In 2012, Nobel Prize winning scientist Jennifer Doudna hit upon an invention that will transform the future of the human race: an easy-to-use tool that can edit DNA.
Known as CRISPR, it opened a brave new world of medical miracles and moral questions. It has already been deployed to cure deadly diseases, fight the coronavirus pandemic of 2020, and make inheritable changes in the genes of babies.
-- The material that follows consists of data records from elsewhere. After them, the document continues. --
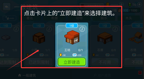 1、进入游戏后,首先需要在地面上建造一个工坊。
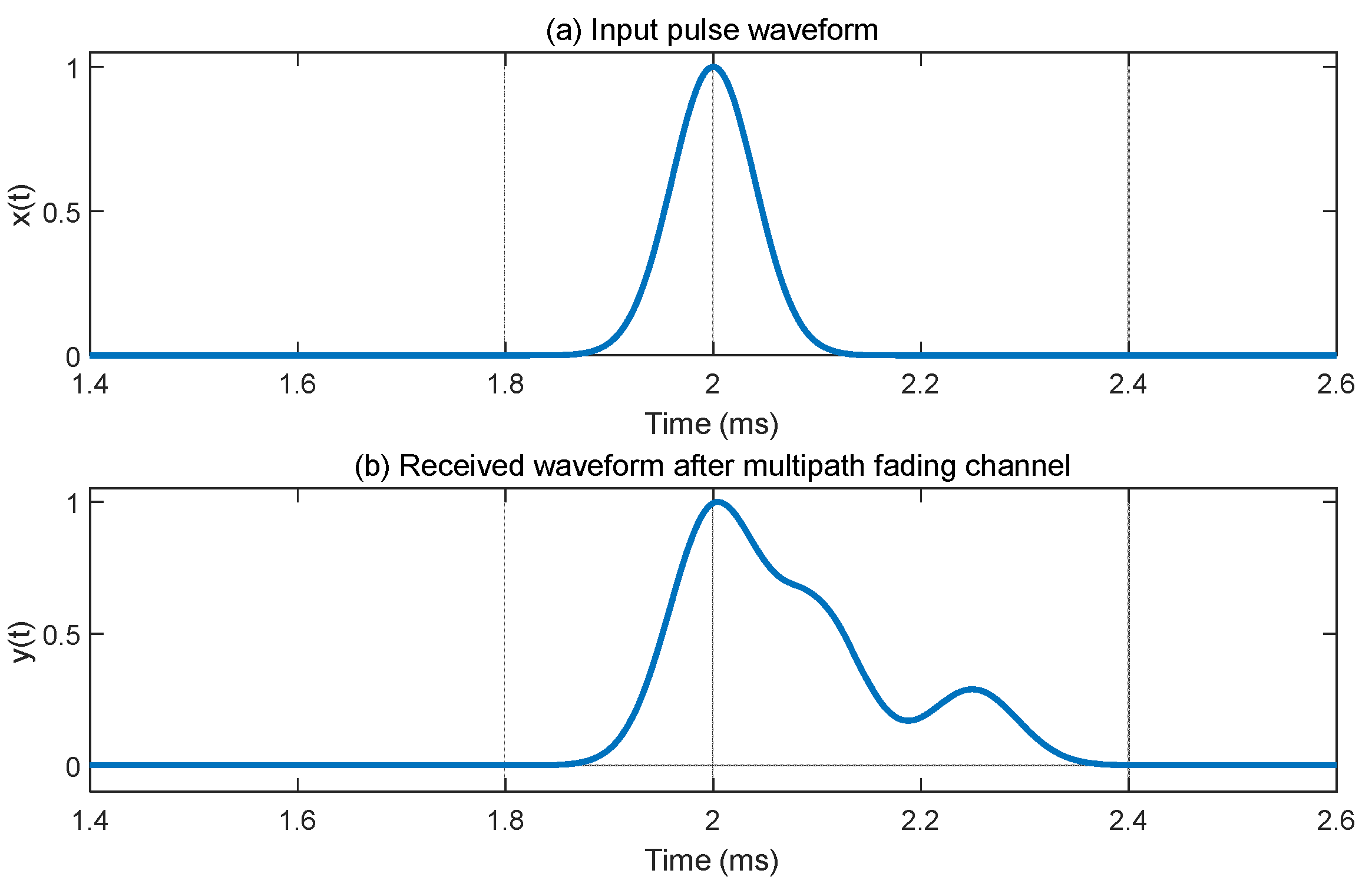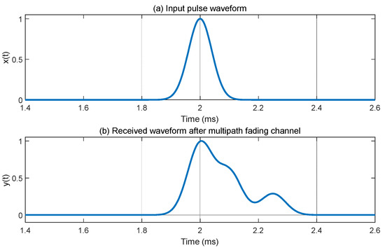 Figure 3. It can be seen that the multipath effect in the channel causes the originally steep pulse waveform to have obvious time-domain expansion and tailing effects, and the amplitude also undergoes deep random fading, which is manifested as the expansion of the jamming signal in time. This indicates that in scenarios with channel fading, if the anti-jamming decision-making method based on static assumptions is still adopted, there will be problems such as an increase in the probability of anti-jamming decision-making errors and a decrease in spectral utilization due to false alarms or missed detections of jamming.
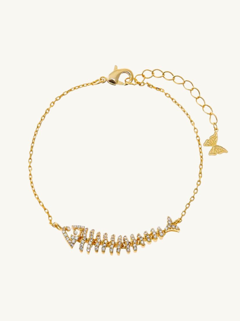 Say yes to sparkle with the Fishbone Chain Bracelet by Adina Eden, a Bracelet made to shine all day. This bracelet for women with charms is your new go-to accent, available in Gold to suit your layers.
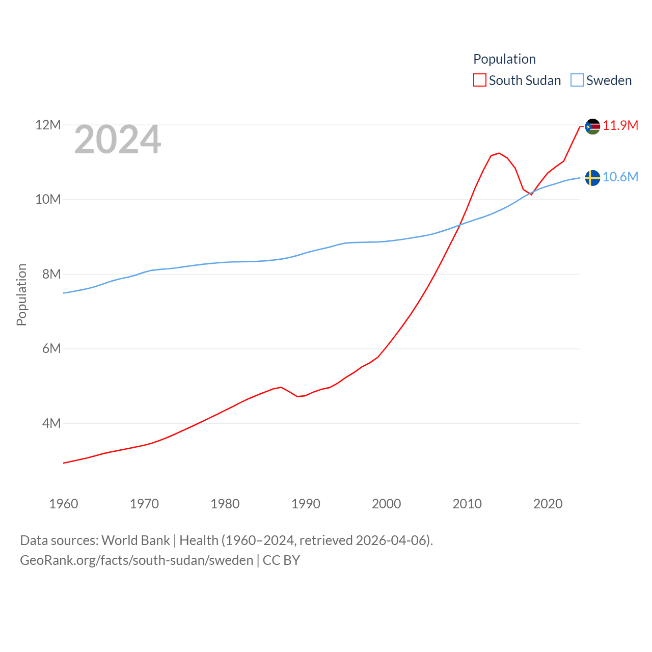 South Sudan has a population of 11.9M (ranked 81/197), compared with 10.6M in Sweden (ranked 93/197). South Sudan's land area is 243,990 sq mi versus 157,248 sq mi for Sweden (ranked 41st vs. 58th).
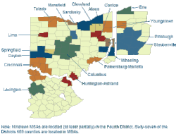 The Federal Reserve Bank of Cleveland is the Cleveland-based headquarters of the U.S. Federal Reserve System's Fourth District. The district is composed of Ohio, western Pennsylvania, eastern Kentucky, and the northern panhandle of West Virginia. It has branch offices in Cincinnati and Pittsburgh. The check processing center in Columbus, Ohio, was closed in 2005. Since August 21, 2024, Beth M. Hammack has been serving as the bank's chief executive officer and president.[1]
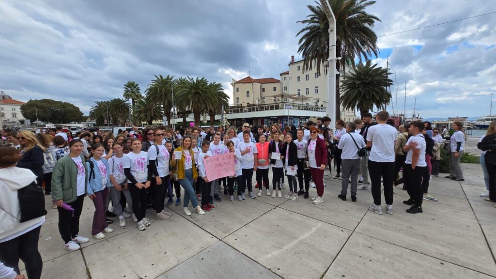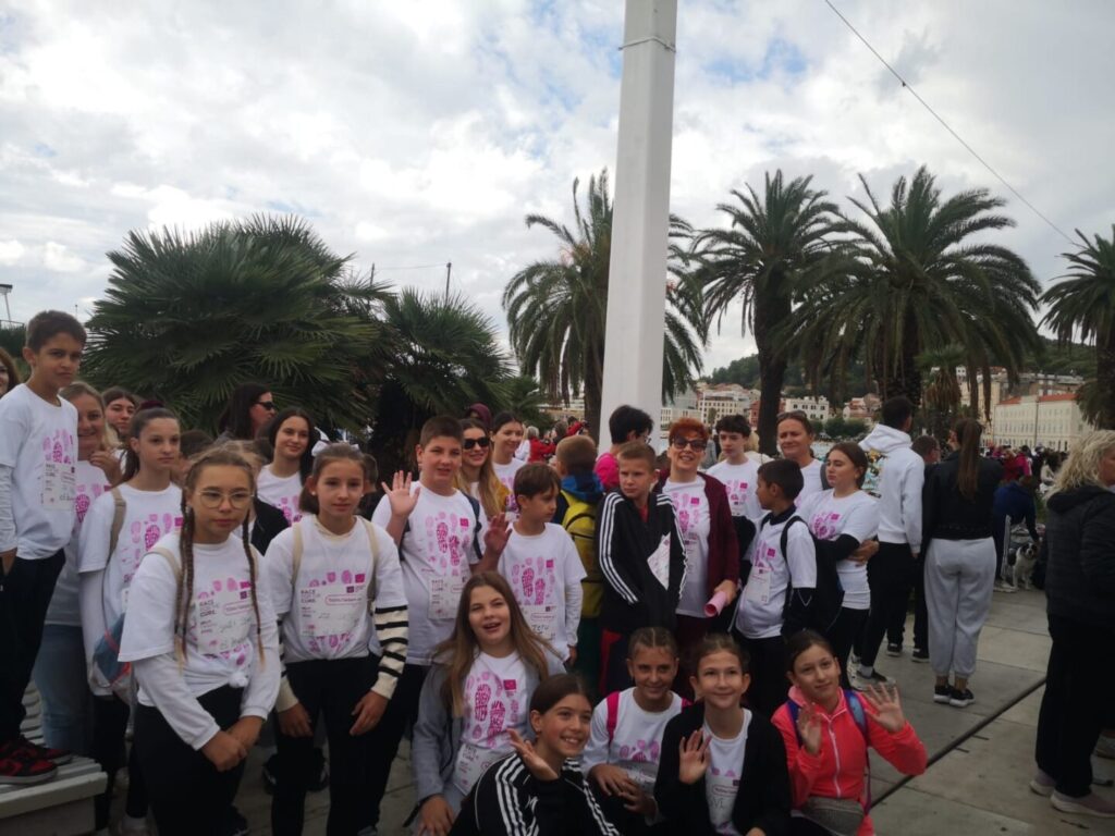 Naši učenici, zajedno s učiteljima i roditeljima, s puno su entuzijazma obukli prepoznatljive ružičaste majice i krenuli u laganu šetnju i trčanje kroz centar Splita. Unatoč jutarnjem povjetarcu i oblacima, atmosfera je bila vedra, ispunjena pozitivnom energijom i osjećajem zajedništva.
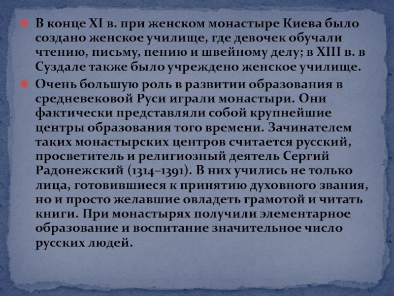 Очень большую роль в развитии образования в средневековой Руси играли монастыри. Они фактически представляли собой крупнейшие центры образования того времени. Зачинателем таких монастырских центров считается русский, просветитель и религиозный деятель Сергий Радонежский (1314–1391). В них учились не только лица, готовившиеся к принятию духовного звания, но и просто желавшие овладеть грамотой и читать книги. При монастырях получили элементарное образование и воспитание значительное число русских людей.
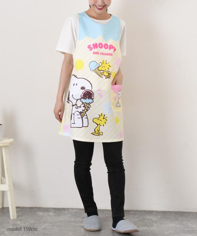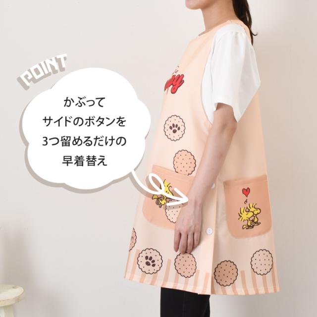 新作 スヌーピー★タバード型エプロン レディース おしゃれ かぶるだけ ラン型 かぶり 保育士 ショート丈 短い キャラクター snoopy キッチン 台所 キャラクターエプロン 大人 ポケット 大きい 大きめ
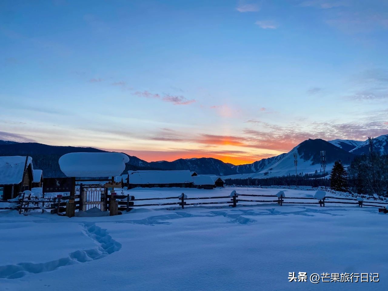 禾木在冬季是滑雪胜地,拥有亚洲规模最大的吉克普林滑雪场,降雪期持续半年之久,众多滑雪发烧友选择在此租赁居所长期滑雪。除了滑雪运动,禾木的雪景同样令人赞叹,成片的小木屋披着皑皑白雪,宛如一个个雪中仙菇,漫步其中仿佛置身童话冰雪王国,清晨时分还能体验泼水结冰的乐趣,总之这片雪域风光实在难以用镜头完全捕捉。
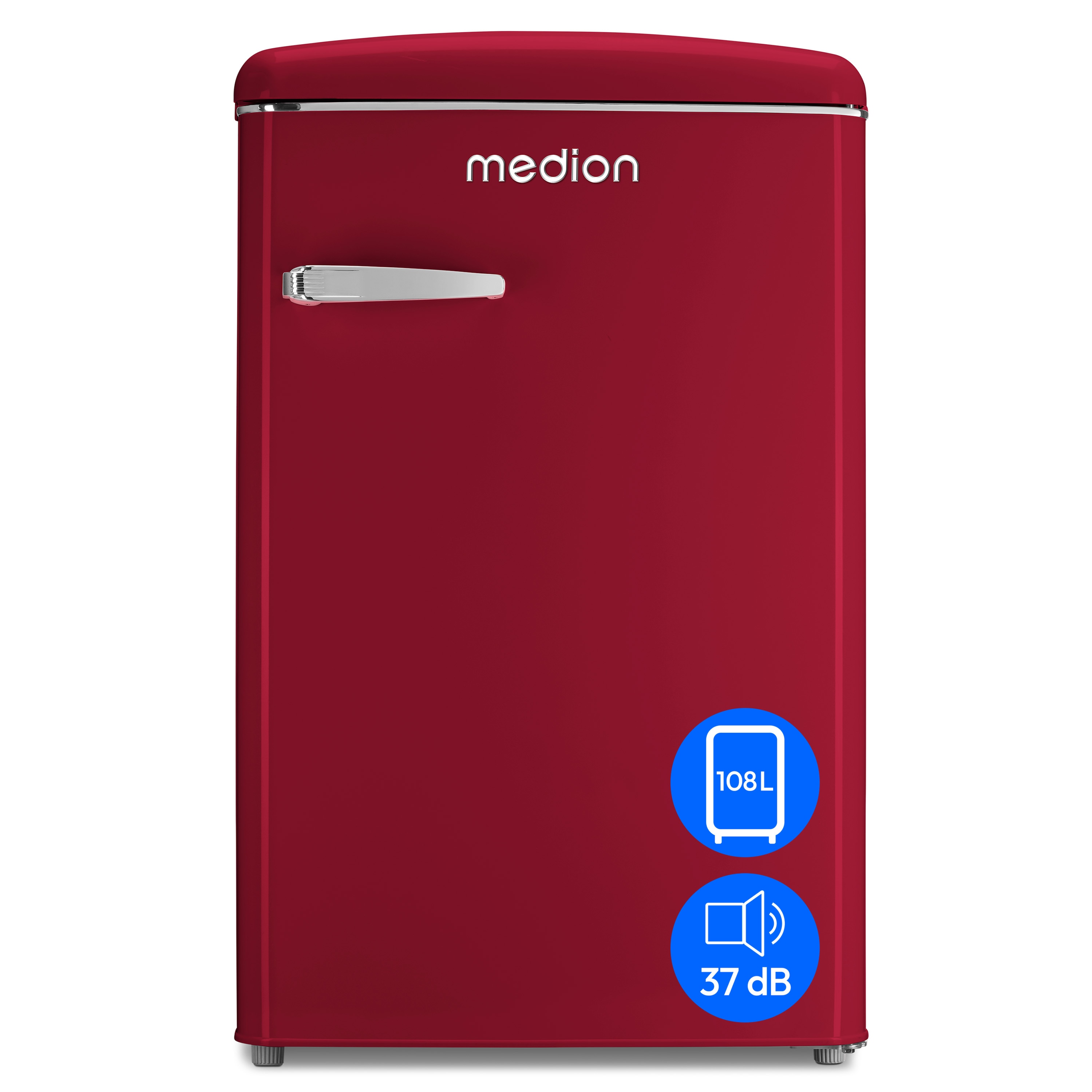MEDION Retro-Kühlschrank mit Gefrierfach MD 37790, 108 L Gesamtnutzinhalt, 37 dB, höhenverstellbare Füße, Energieeffiziensklasse D
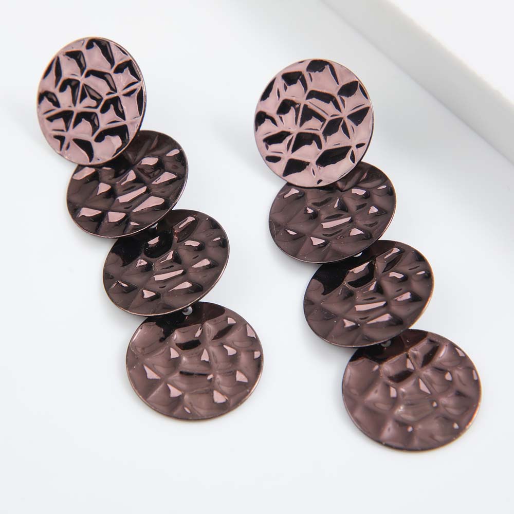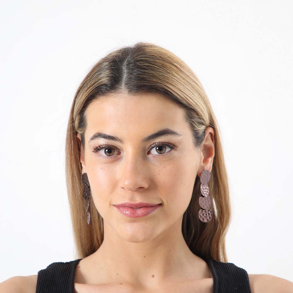 Aro Largo i-D Franz de color café. Aros colgantes formados por círculos con textura martillada unidos entre sí.

But what does that mean for humanity? Should we be hacking our own DNA to make us less susceptible to disease? Should we democratise the technology that would allow parents to enhance their kids?
After discovering this CRISPR, Doudna is now wrestling these even bigger issues.
The Code Breaker is an examination of how life as we know it is about to change – and a brilliant portrayal of the woman leading the way.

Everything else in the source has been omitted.